The Delaware Air Guard Airmen worked inside Iraq, Afghanistan and Kuwait, and supported Operations New Dawn and Enduring Freedom. They helped make up numerous work sections of four different expeditionary civil engineer squadrons at four bases in Southwest Asia combat zones. Sixteen unit Airmen worked in Kuwait, three Airmen worked in Afghanistan, and other nine Airmen worked inside Iraq and at an air base in another nation in Southwest Asia.

The 27 returning Airmen are residents of Del. (21 Airmen), Pa. (five Airmen), and Md. (one Airman).

Individual hometowns of the returning Airmen, by state and city:

UPSTATE DELAWARE (15 total): Newark, 19701 (two); Newark, 19702 (two); Middletown, 19709 (three); New Castle, 19720; Townsend, 19734; Wilmington, 19804; Wilmington, 19804 (two); Wilmington, 19805; Wilmington, 19808; Wilmington, 19810.

DOWNSTATE DELAWARE (six total): Dover, 19904; Hartly, 19953; Millsboro, 19966 (two); Smyrna, 19977 (two)
 
MARYLAND (one total): Elkton, 21921

PENNSYLVANIA (five total): Dover, 17315; Palmerton, 18071; Hatboro, 19040; Philadelphia, 19142; West Chester, 19382.

Five Airmen are unable to attend, one each from the hometowns of Smyrna, Del.; Millsboro, Del.; Hartley, Del.; Hatboro, Pa.; and Palmerton, Pa.
 

An additional four civil engineer Airman who departed Delaware later in 2010 are still serving overseas, and will return home in a few months after completing their missions. Those four Airmen reside in Middletown, Del., West Grove, Pa., Sewell, N.J., and Annapolis, Md.

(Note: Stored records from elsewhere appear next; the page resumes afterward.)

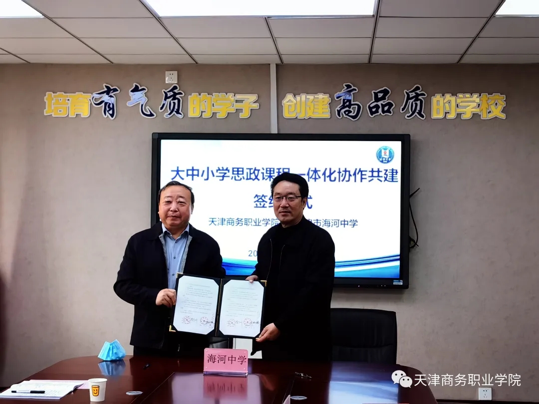 為全面貫徹黨的教育方針,落實立德樹人根本任務,堅持以合作促共贏、以交流促提升的發展思路,在市教育兩委關于推進大中小思政一體化建設、完善中小學與高校協同共建長效機制的背景下,11月4日,我校黨委書記宮寶利同志帶隊一行11人到天津市海河中學,簽訂“推進大中小學思政課一體化協作共建協議”。
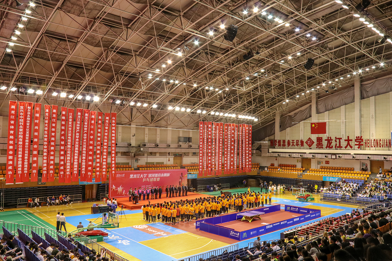 为进一步丰富校园体育文化活动,全面提升学生身体素质,5月10日晚,我校2019首届“银河体育永刚杯”乒乓球联赛在校体育馆开幕。校党委副书记丁宏,省体育局社体处处长姚伟丽,省教育厅体卫艺处正处级调研员郭青山,前乒乓球国手、哈尔滨永刚体育文化发展有限责任公司董事长王永刚,我校党委宣传部、党委学工部、团委、教...
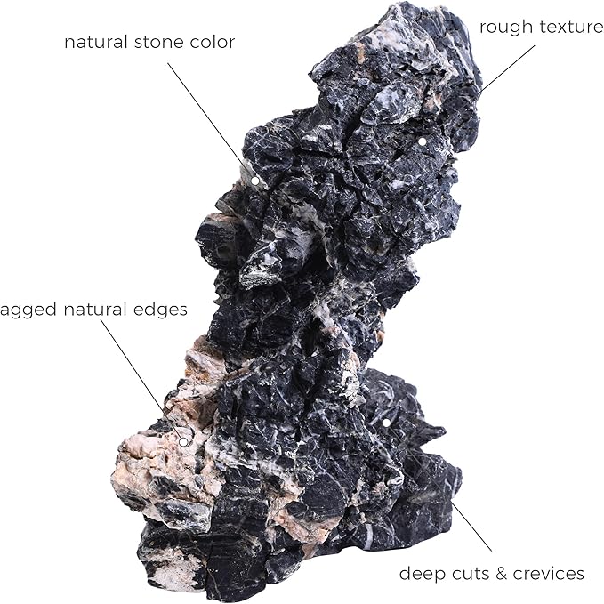 - UNIQUE FORM & FINE TEXTURES: Each seiryu stone features a distinct jagged texture and classic dark gray tone with natural white veining. This combination provides exceptional depth and contrast in aquascapes, inspiring limitless creativity for hobbyists to craft visually dynamic aquarium layouts.
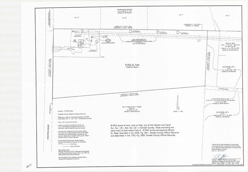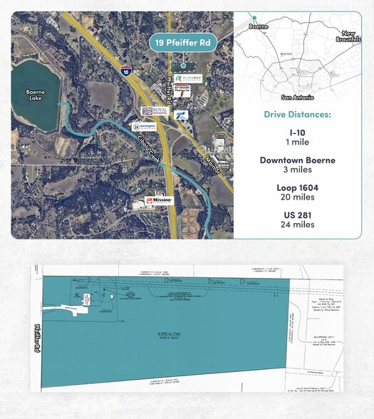 The property consists of 8.952 acres of land located at 19 Pfeiffer Rd in Boerne, Texas. It is situated approximately one mile from Interstate 10 and three miles from Downtown Boerne. Loop 1604 is about 20 miles away, and US 281 is approximately 24 miles from the site. The land is cleared and features flat topography. Utilities available include power, well, and septic. The property is zoned OCL (Unrestricted).

These 27 Airmen completed the largest and longest deployment of civil engineers in the history of the Delaware ANG's 166th Civil Engineer Squadron in peacetime or in wartime. A cycle of several deployments began in June for the squadron, with the last group of Airmen leaving New Castle, Delaware the later part of July.

A dozen Airmen returned home the second half of December. The remainder returned home in January, the last Airman coming home late last week. All Airmen arrived home coming through Baltimore-Washington Airport.

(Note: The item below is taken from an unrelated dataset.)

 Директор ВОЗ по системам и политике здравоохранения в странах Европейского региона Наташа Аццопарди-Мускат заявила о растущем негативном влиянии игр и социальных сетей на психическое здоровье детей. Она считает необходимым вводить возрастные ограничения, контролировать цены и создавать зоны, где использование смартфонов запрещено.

The Airmen worked in various civil engineer jobs as they witnessed the end of the coalition combat mission in Iraq as Operation Iraqi Freedom transitioned to Operation New Dawn on Sept. 1, 2010, with a few Airmen remaining in Iraq as others were moved to other air bases in the region.

"Our deployed civil engineers have completed their most demanding assignment since Operation Enduring Freedom began in 2001. They have operated for six months in four nations and applied their professional skills to a wide range of required construction, maintenance and other mission support tasks," said 166th Airlift Wing Commander Col. Jonathan H. Groff. "All-in-all they had a great deployment, but of course are happy to be home again with their loved ones."

The Delaware Airmen performed skilled trades work as electricians, plumbers, HVAC specialists, heavy equipment operators, engineer assistants, and specialists in structures, emergency management, fire protection, explosive ordnance disposal and force protection. Some Airmen were required to perform a different job than their primary Air Force job.

This is the third time the 166th Civil Engineer Squadron has been deployed in support of Operation Enduring Freedom, but only the first time the unit has been federally mobilized. On the two previous deployments, unit members served on the island of Diego Garcia in the Indian Ocean, then inside Kuwait.